The `dual_mean` argument only needs to be set for the purpose of the simulation
later. Most users do not need to set this. It calculates both the standard mean
gene expression, which is mean(log2(counts +1)), as well as the arithmetic mean
of the (unlogged) counts.

The derivation of mean gene expression for each cluster and cell group is the
slowest part. If you are on linux or mac, this can be sped up using
parallelisation by setting `cores = 2` or more. Note that this can increase
memory requirements dramatically unless HFD5 is used. For this particular
dataset which is moderate in size, we find significant speed up with 4-8 cores
(64 Gb machine). For very large datasets (>1M cells) if the sc data is kept on
disc via HFD5 then many cores can be used. But if the data or subsets of it have
to be loaded into memory then we typically apportion around 16 Gb per core (e.g.
3 cores on a 64 Gb machine). So the limit on cores depends on the size of the
single-cell data, available RAM and whether HFD5 is used.

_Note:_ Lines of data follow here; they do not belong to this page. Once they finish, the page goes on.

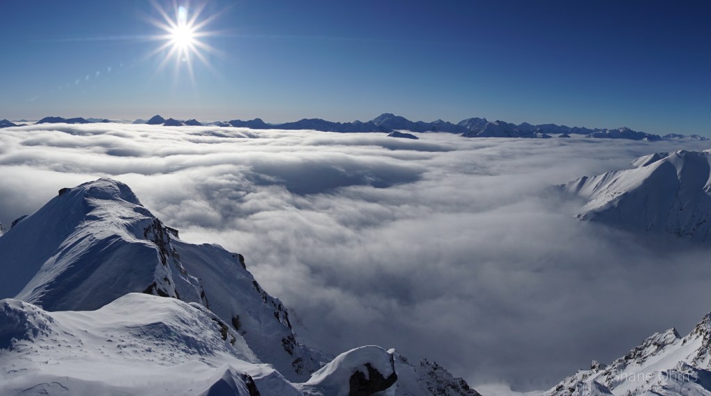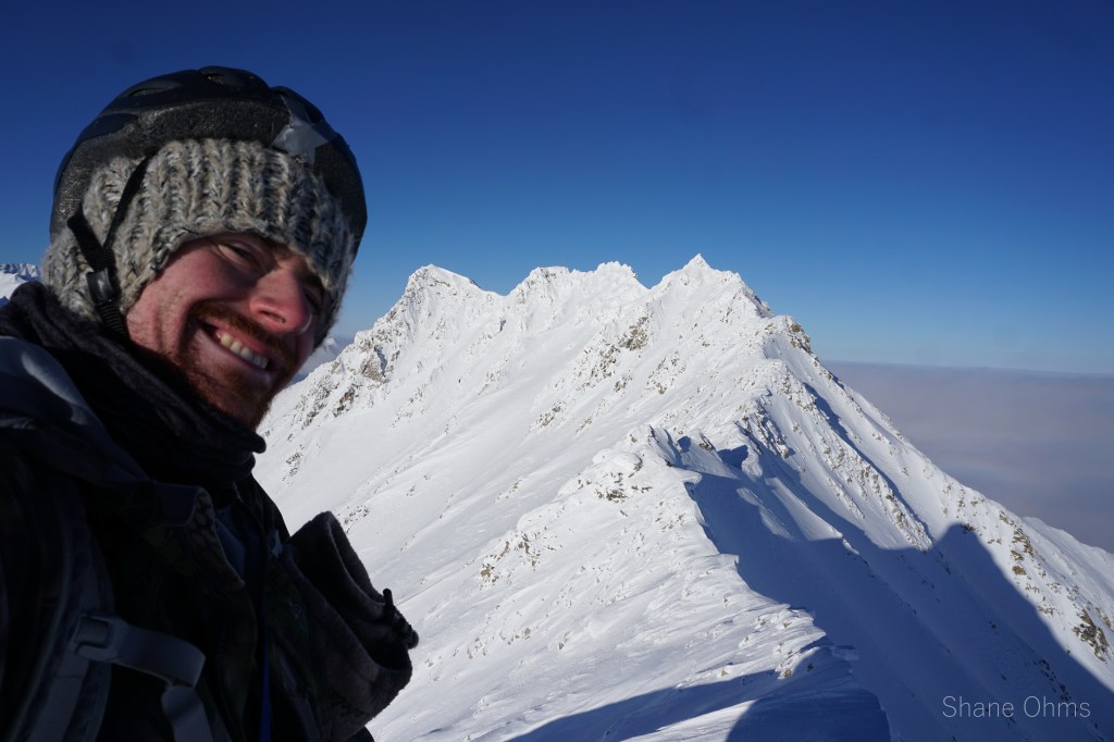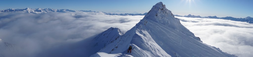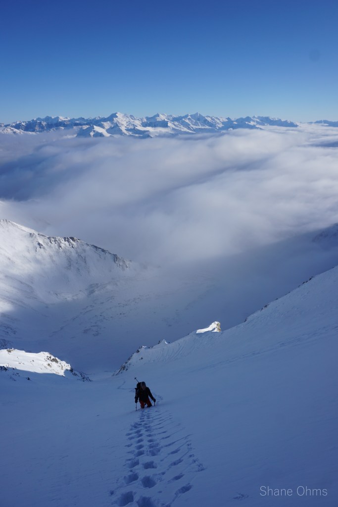 We tried to get up early (7 or 8am), which isn’t a ton of fun when it is a chilly winter morning. We continued up the bowl, around the Gale surveyor point. At 6500′ we reached the base of a nice steep couloir. If it was much steeper (or the snow harder) I would’ve found it mentally exhaustive, but as it was; it was a good boot up. Half way up we realized that we’d be out of the clouds. Well, I thought we were half way up. In truth that was at about 1/3 and the couloir just seemed to drag on and on. Sean and I traded off setting the boot pack. Once on the ridge we could see our intended peak; Peak 8230. It was a quick and unanimous decision that we didn’t have the time to take it on. I trudged south to take some photos on a little perch that barely broke 8000′, making it the highest I’ve ever been in the winter. The views from above this sea of fog were spectacular. Only three other times have I been graced with observing a scene from above a sea of clouds; North Suicide Peak, East Twin Peak, and Nest Peak. It is a divine and rare treat.
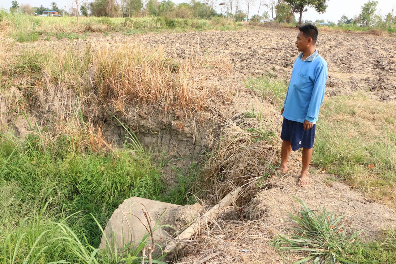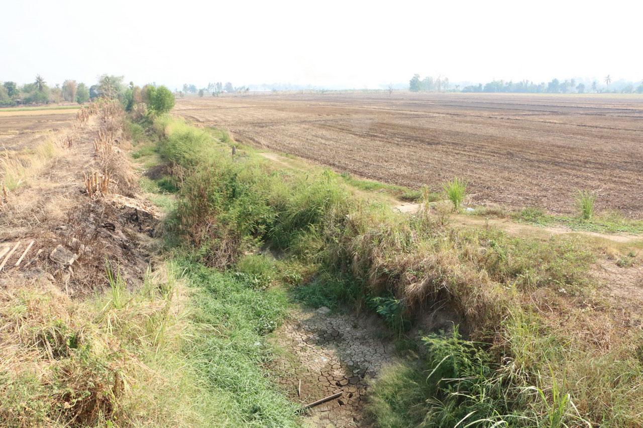 ส่วนคลองส่งน้ำที่อยู่กับผืนนานี้ ซึ่งปกติไม่เคยแห้ง อย่างน้อยก็ยังพอมีน้ำติดก้นคลองบ้าง และชาวนาใช้น้ำในคลองแห่งนี้ทำนา รวมทั้งสระใหญ่ของชาวบ้านที่ขุดไว้อีก 2 ลูกที่อยู่ใกล้กันซึ่งก็ไม่เคยแห้ง แต่ขณะนี้แห้งผากไม่มีน้ำเหลือติดก้นคลองและก้นสระเลย
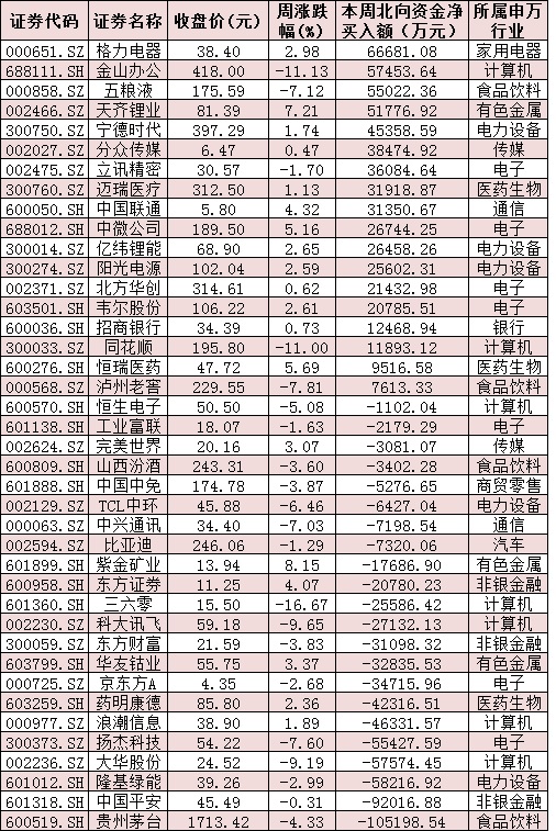 資金方面,本周北向資金累計凈買入金額達47.56億元。從前十大成交活躍股來看,本周,格力電器、金山辦公、五糧液、天齊鋰業等4只個股,北向資金凈買入金額均超5億元。另外,貴州茅臺、中國平安等個股遭北向資金凈賣出金額均超9億元。

Windows users can invoke parallelisation using the future backend and setting up
a multisession plan.

We have not specified a bulk RNA-Seq dataset at this stage as this example is
based on simulation alone. However, if you have a bulk RNA-Seq dataset it is
helpful to specify it during the first call to `cellMarkers()`. It is only used
for its rownames to identify genes that overlap between the 2 datasets. The
marker signature can be updated later for different bulk datasets using
`updateMarkers()` (see below).

We convert the ensembl ids in the cellMarkers object using the built-in function
`gene2symbol()`. This needs an ensembl database to be loaded.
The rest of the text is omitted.